▶ Assignment
Only the lines below from the one with "フィリピンで親しまれているゴ" through the one with "Mahasiswa antusias mengikuti" are to be written out, exactly and without any images.

▶ Stored data
------------------------------------------------------------------------

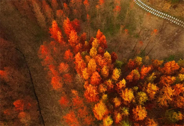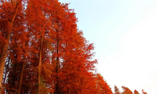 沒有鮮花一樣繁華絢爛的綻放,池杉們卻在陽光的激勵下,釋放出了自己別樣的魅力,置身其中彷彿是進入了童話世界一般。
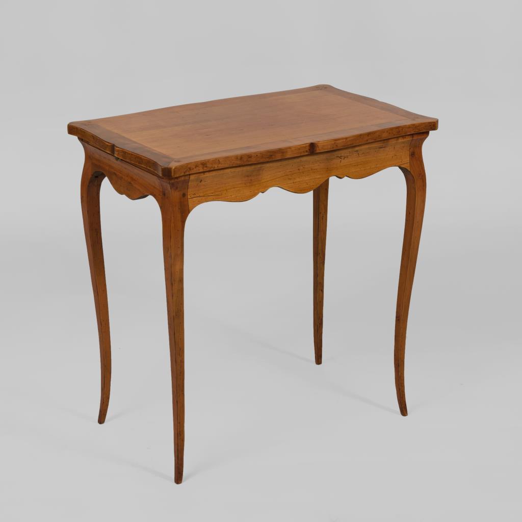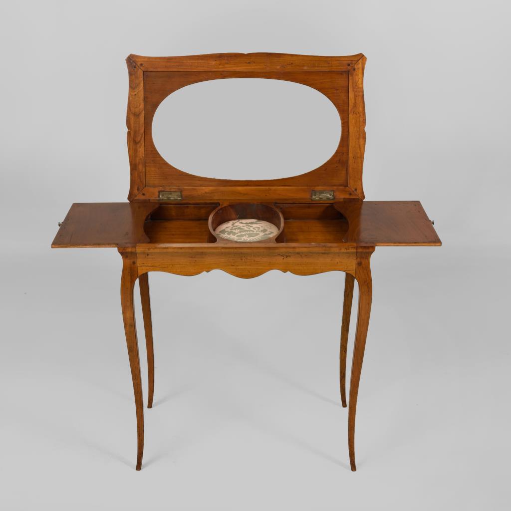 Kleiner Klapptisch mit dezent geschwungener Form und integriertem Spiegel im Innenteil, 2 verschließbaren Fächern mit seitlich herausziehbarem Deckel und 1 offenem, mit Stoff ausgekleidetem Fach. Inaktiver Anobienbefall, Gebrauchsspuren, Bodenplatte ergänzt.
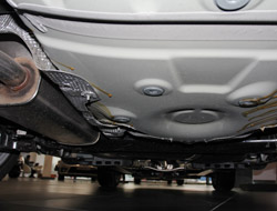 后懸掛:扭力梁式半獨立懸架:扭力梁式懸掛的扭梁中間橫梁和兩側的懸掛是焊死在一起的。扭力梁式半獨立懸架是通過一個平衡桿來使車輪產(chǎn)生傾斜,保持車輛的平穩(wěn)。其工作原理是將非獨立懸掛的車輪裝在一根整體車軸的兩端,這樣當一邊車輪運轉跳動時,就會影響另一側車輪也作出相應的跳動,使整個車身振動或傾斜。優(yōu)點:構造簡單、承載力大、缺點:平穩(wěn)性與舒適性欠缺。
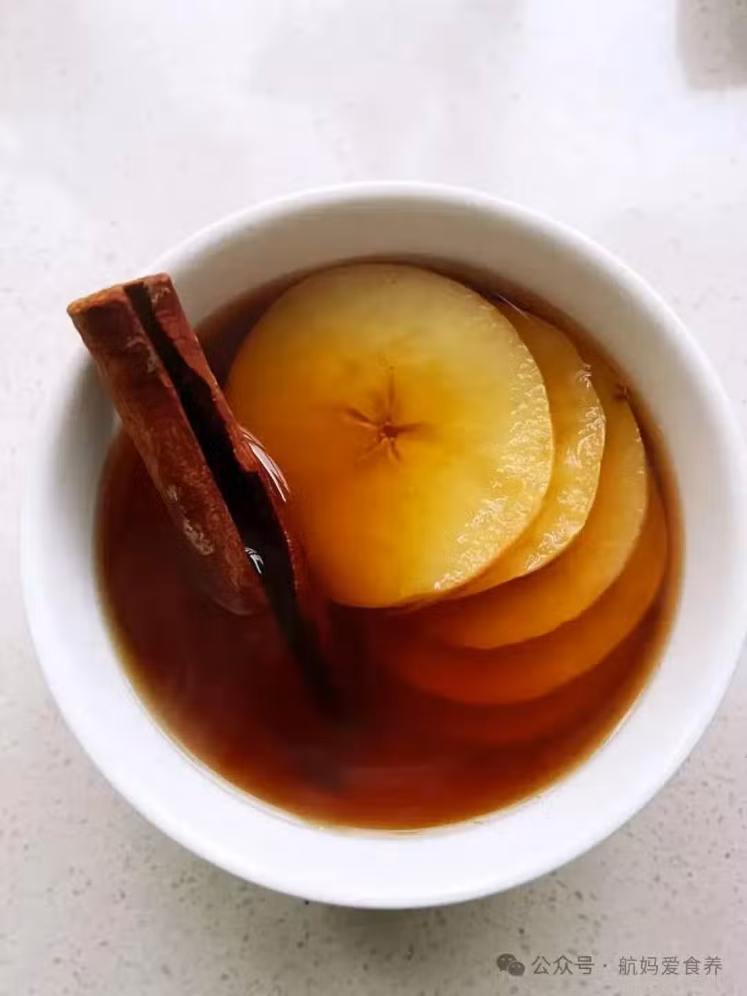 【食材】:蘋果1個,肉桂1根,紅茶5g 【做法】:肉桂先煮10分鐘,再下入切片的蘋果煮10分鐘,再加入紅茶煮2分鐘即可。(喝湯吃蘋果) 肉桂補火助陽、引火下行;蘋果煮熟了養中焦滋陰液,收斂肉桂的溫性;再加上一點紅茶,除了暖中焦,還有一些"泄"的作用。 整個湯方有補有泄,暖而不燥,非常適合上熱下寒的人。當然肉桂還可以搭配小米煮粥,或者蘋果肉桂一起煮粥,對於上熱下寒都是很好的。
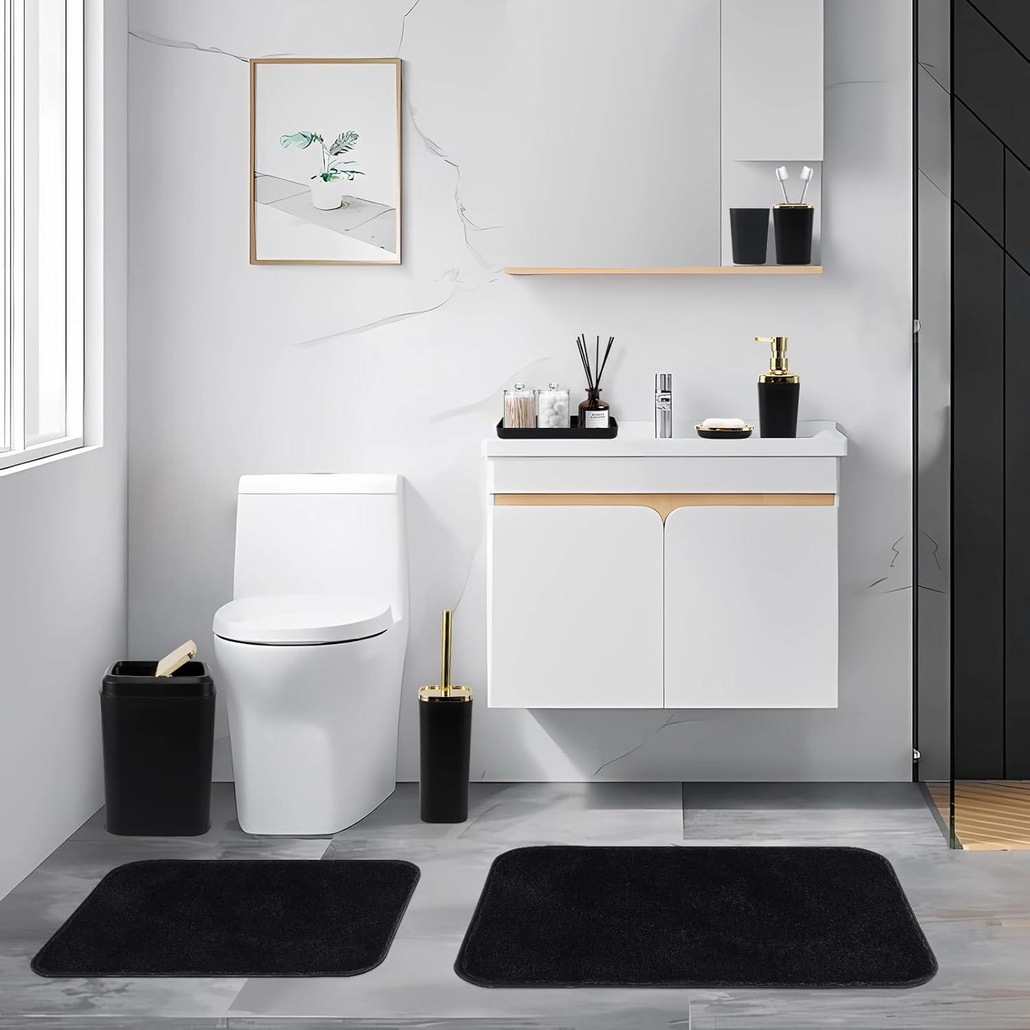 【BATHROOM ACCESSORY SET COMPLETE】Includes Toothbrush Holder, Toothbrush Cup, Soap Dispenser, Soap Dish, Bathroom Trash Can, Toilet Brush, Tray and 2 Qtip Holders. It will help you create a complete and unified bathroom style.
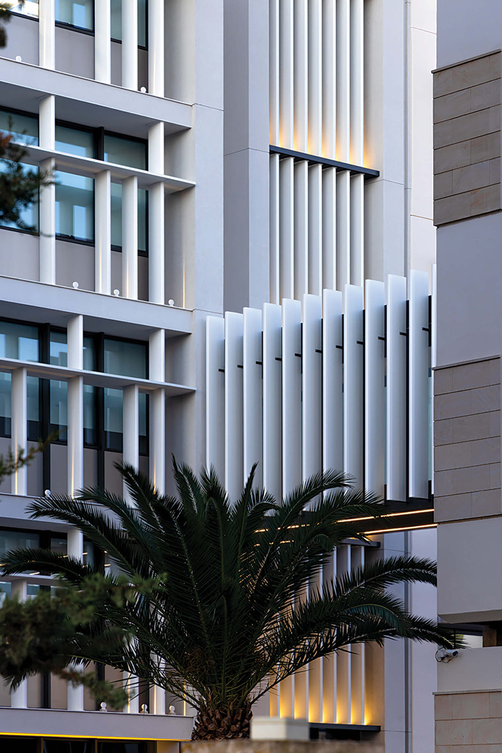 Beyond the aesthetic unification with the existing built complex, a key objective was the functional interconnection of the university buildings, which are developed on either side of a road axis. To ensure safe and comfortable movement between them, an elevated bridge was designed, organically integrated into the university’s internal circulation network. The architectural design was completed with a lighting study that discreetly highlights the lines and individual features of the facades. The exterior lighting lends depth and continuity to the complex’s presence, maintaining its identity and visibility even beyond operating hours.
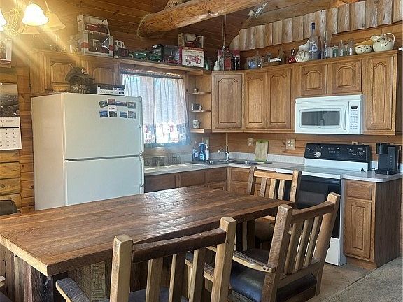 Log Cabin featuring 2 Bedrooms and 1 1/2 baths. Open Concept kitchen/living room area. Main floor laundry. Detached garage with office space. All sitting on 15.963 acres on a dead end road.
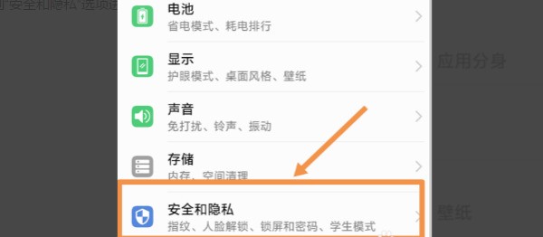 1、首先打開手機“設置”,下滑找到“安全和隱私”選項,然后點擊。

------------------------------------------------------------------------

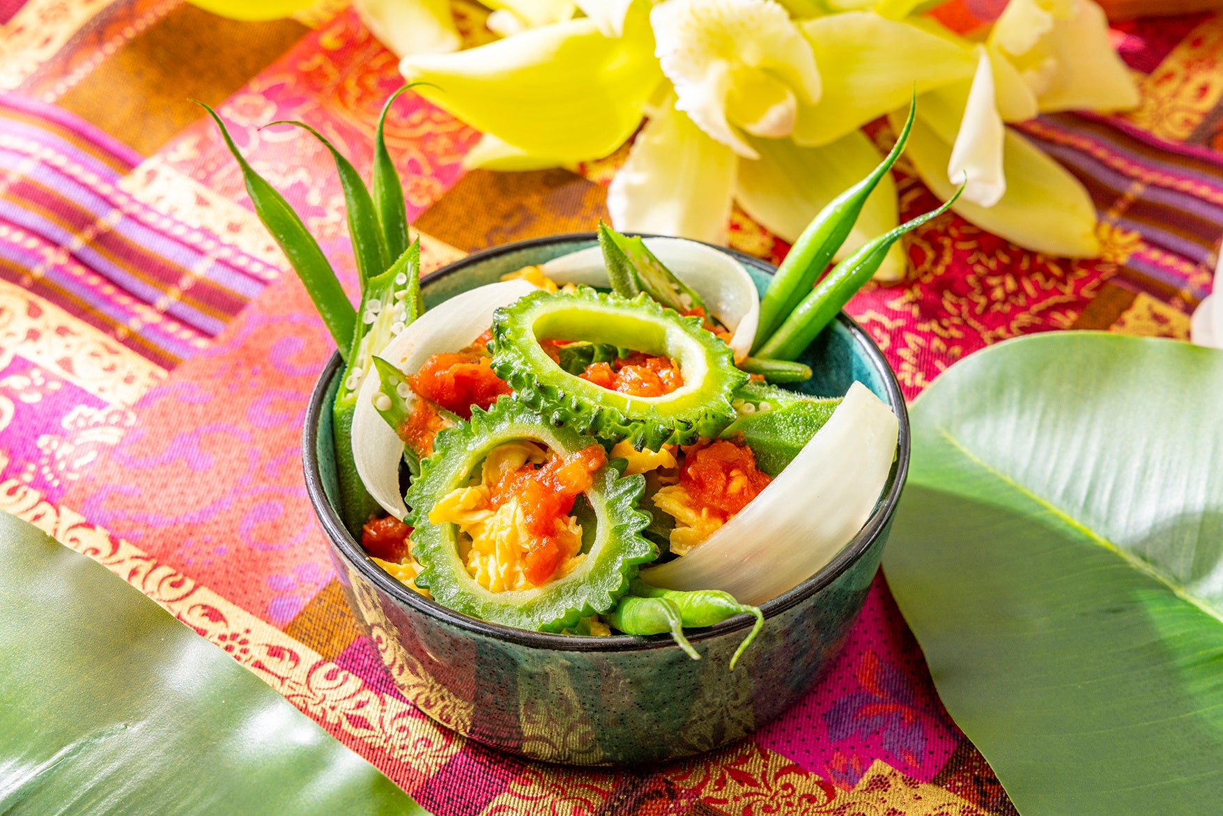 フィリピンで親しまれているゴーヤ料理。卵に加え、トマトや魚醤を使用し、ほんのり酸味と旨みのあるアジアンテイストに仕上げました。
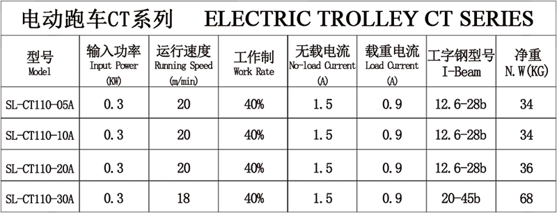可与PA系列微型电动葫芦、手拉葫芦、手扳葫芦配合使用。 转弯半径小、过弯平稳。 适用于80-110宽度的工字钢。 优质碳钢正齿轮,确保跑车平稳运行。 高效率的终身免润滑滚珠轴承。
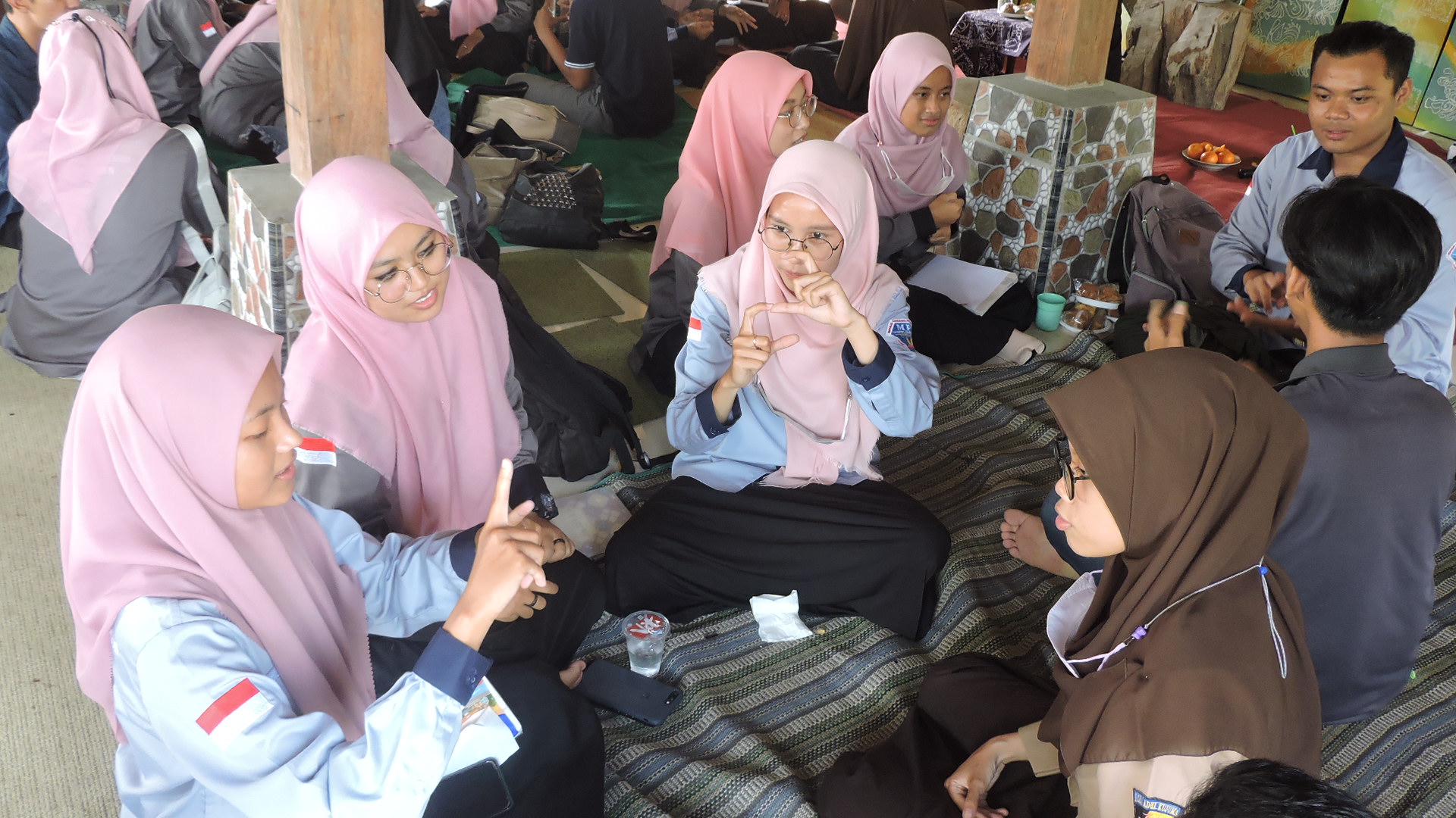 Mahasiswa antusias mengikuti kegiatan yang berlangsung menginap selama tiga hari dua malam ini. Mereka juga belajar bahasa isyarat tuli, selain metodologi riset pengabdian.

------------------------------------------------------------------------

▶ Output of the exercise
 フィリピンで親しまれているゴーヤ料理。卵に加え、トマトや魚醤を使用し、ほんのり酸味と旨みのあるアジアンテイストに仕上げました。
可与PA系列微型电动葫芦、手拉葫芦、手扳葫芦配合使用。 转弯半径小、过弯平稳。 适用于80-110宽度的工字钢。 优质碳钢正齿轮,确保跑车平稳运行。 高效率的终身免润滑滚珠轴承。
 Mahasiswa antusias mengikuti kegiatan yang berlangsung menginap selama tiga hari dua malam ini. Mereka juga belajar bahasa isyarat tuli, selain metodologi riset pengabdian.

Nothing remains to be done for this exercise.